With a significant portion of life moving to the virtual world, the term stalker has expanded its meaning – becoming a greater threat and someone to be wary of both in the real and online environments.

What is (cyber) stalking?

Stalking, or online stalking, can take many different forms, but broadly, it’s lurking or harassment that occurs through social networks. This type of activity is planned and lasts over an extended period. It used to be much harder to find information about where someone works, where they hang out, which school they attend, their phone number, or bank.

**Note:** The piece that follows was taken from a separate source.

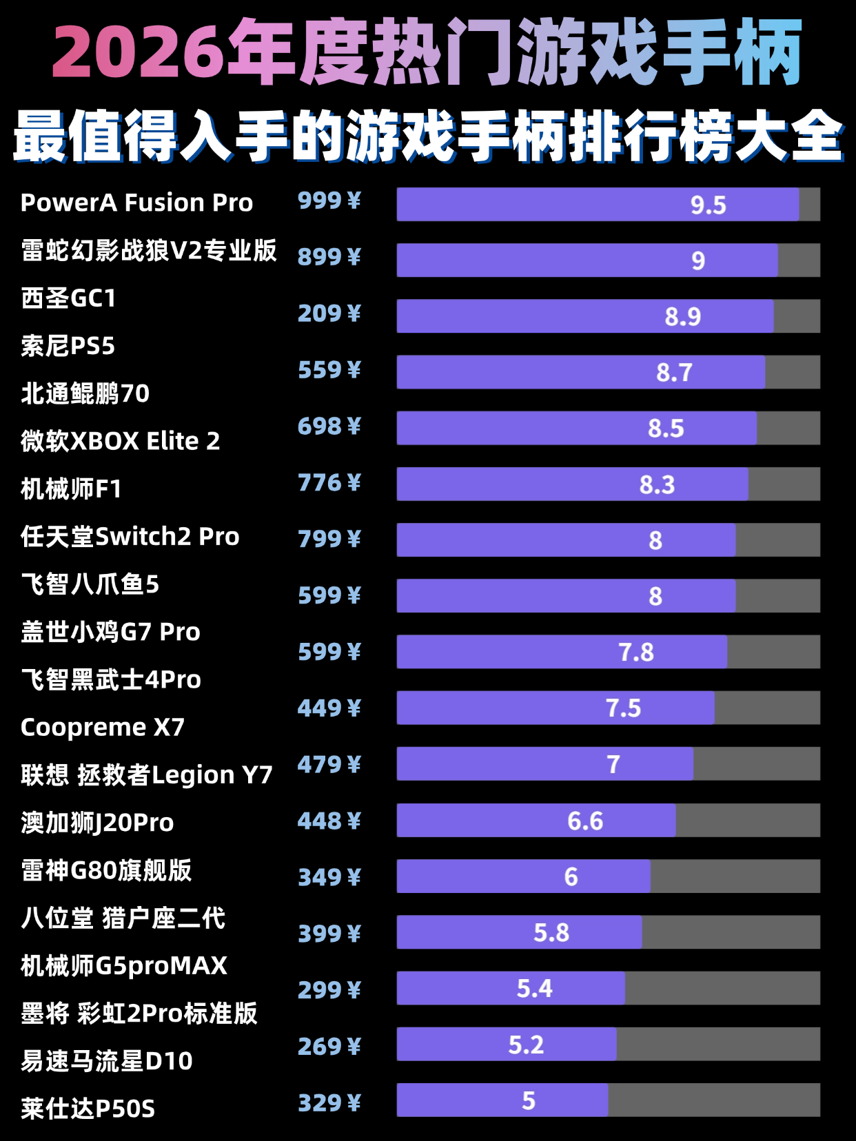 二、2026年游戏手柄哪个牌子的好?十大公认最强手柄品牌排行榜推荐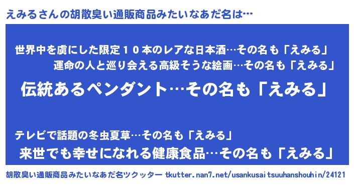 | 意味不明あだ名 | 『なめこ科えみる属』『永久保存えみる』 |

Today, we tend to share that information even voluntarily, without being coerced. Cyberstalking cases can start as seemingly harmless interactions. Sometimes, especially in the beginning, a few strange or maybe uncomfortable messages might even entertain you. However, when messages become more frequent, longer, when they start to press you, it becomes scary. Stalkers are known for being motivated by being ignored to ‘try harder.’ If you block them or do not respond, they might send the same message up to 30 times a day and create countless new accounts to reach you.

For them, there are no boundaries. Ignoring them can even lead them to contact your family and friends to inquire about you. It’s important to emphasize that stalking sometimes does not involve direct communication.  Stalkers can stalk victims without their knowledge, gathering information for crimes like organized robbery or identity theft. The goals of stalkers and cyberstalkers, or stalkers, are to blackmail you with the gathered information, attract you to them, rob you, harm you, win you over, trap you, or make you act out of fear as they wish.

What to do if you are a victim of a stalker?

  • Block the person
    Blocking can prevent the person from reaching you. Not all stalkers are obsessive enough to have multiple profiles. If they do contact you from a new profile, do not respond. Block every profile.
  • Report the stalker’s profile to the platform you are on – Facebook, Instagram, Twitter, TikTok…
    By clicking on ‘report,’ you can report the person harassing you and then select one of the options provided regarding the type of harassment. The next step is for the platform to evaluate your report and then eliminate the predator’s profile without warning.
  • Screenshot messages, threats, harassing content
    Harassment can continue even after you’ve done everything in your power to stop it. It’s important to photograph messages and other material the person has sent you to have evidence of harassment.
  • Save the profile link
    A screenshot of the profile can lose significance if the person changes their name/nickname on the profile. Therefore, always save the profile link, which does not change.
  • Report to the police
    The last step is to report to the police. Provide them with all the collected evidence of harassment.


How to reduce the chances of being a stalker’s victim?

  • Keep your profiles private.
  • Only add people you truly know in real life as friends.
  • Think twice about how the information about yourself and your life you share can be used against you.
  • Pay attention to settings – who can contact you, who can message you, who can see your photos.
  • Whenever possible, choose a nickname or pseudonym instead of your real name.
  • Avoid tagging your current location.
  • Do not leave your phone number, email address, home address, or phone number anywhere on the internet. Anything once posted on the internet stays there forever.